Records from a collection:

————————

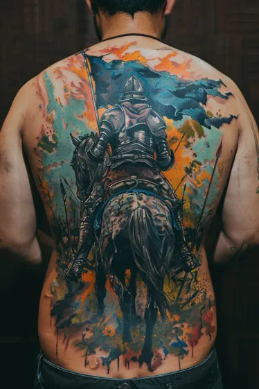 This tattoo is pure medieval glory, showing a fully armored knight riding into battle on a warhorse covered in steel plating. The black battle flag waves in the wind, adding a sense of motion and intensity. The splashes of orange, blue, and yellow in the background create a dramatic, almost painterly effect, making it look like this knight is charging straight out of history and onto the skin. Every detail, from the textured armor to the war-torn banner, adds to the raw, battle-hardened energy of this piece.
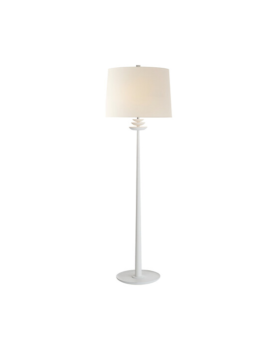 Beaumont golvlampa är en elegant och modern belysningslösning från AERIN som omformar en traditionell silhuett med moderna detaljer. Med sina kronbladsliknande designelement ger den en organisk touch till öppna utrymmen såsom bibliotek eller vardagsrum. Skärmen i linne ger riklig och sofistikerad belysning.
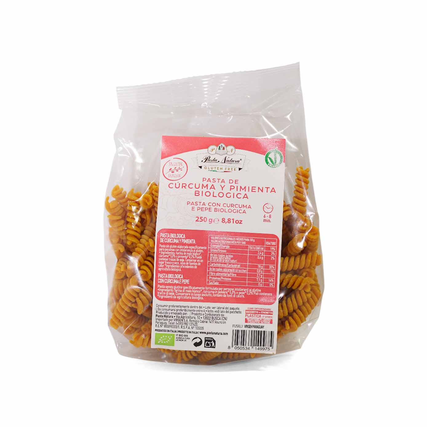 FIDEO PASTA NATURA CURCUMA PIMINETA BIOLOGICA 250G
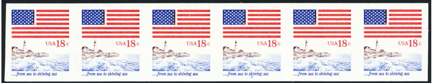 1891a, Mint NH 18¢ Imperforate PL #5 Strip of Six Stamps Error * Stuart Katz
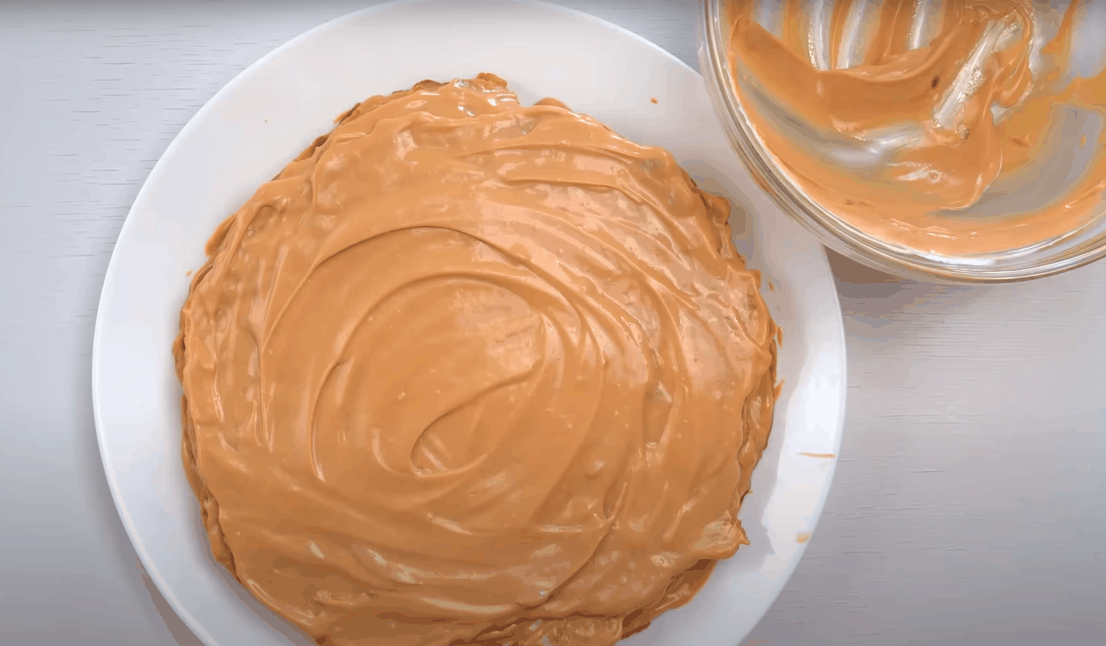 Każdą rozwałkowujemy na płaskie, okrągłe placki, które smażymy na lekko nagrzanej i suchej patelni przez około 1-2 minut z obu stron. Skondensowane mleko mieszamy ze śmietaną. Tak przygotowaną masą smarujemy równomiernie placki, układając jeden na drugim. Ostatnią warstwą powinien być krem.

————————

Brief → Give every entry above again, exactly, and keep all pictures out of it.

Exercise output →
 This tattoo is pure medieval glory, showing a fully armored knight riding into battle on a warhorse covered in steel plating. The black battle flag waves in the wind, adding a sense of motion and intensity. The splashes of orange, blue, and yellow in the background create a dramatic, almost painterly effect, making it look like this knight is charging straight out of history and onto the skin. Every detail, from the textured armor to the war-torn banner, adds to the raw, battle-hardened energy of this piece.
 Beaumont golvlampa är en elegant och modern belysningslösning från AERIN som omformar en traditionell silhuett med moderna detaljer. Med sina kronbladsliknande designelement ger den en organisk touch till öppna utrymmen såsom bibliotek eller vardagsrum. Skärmen i linne ger riklig och sofistikerad belysning.
 FIDEO PASTA NATURA CURCUMA PIMINETA BIOLOGICA 250G
 1891a, Mint NH 18¢ Imperforate PL #5 Strip of Six Stamps Error * Stuart Katz
 Każdą rozwałkowujemy na płaskie, okrągłe placki, które smażymy na lekko nagrzanej i suchej patelni przez około 1-2 minut z obu stron. Skondensowane mleko mieszamy ze śmietaną. Tak przygotowaną masą smarujemy równomiernie placki, układając jeden na drugim. Ostatnią warstwą powinien być krem.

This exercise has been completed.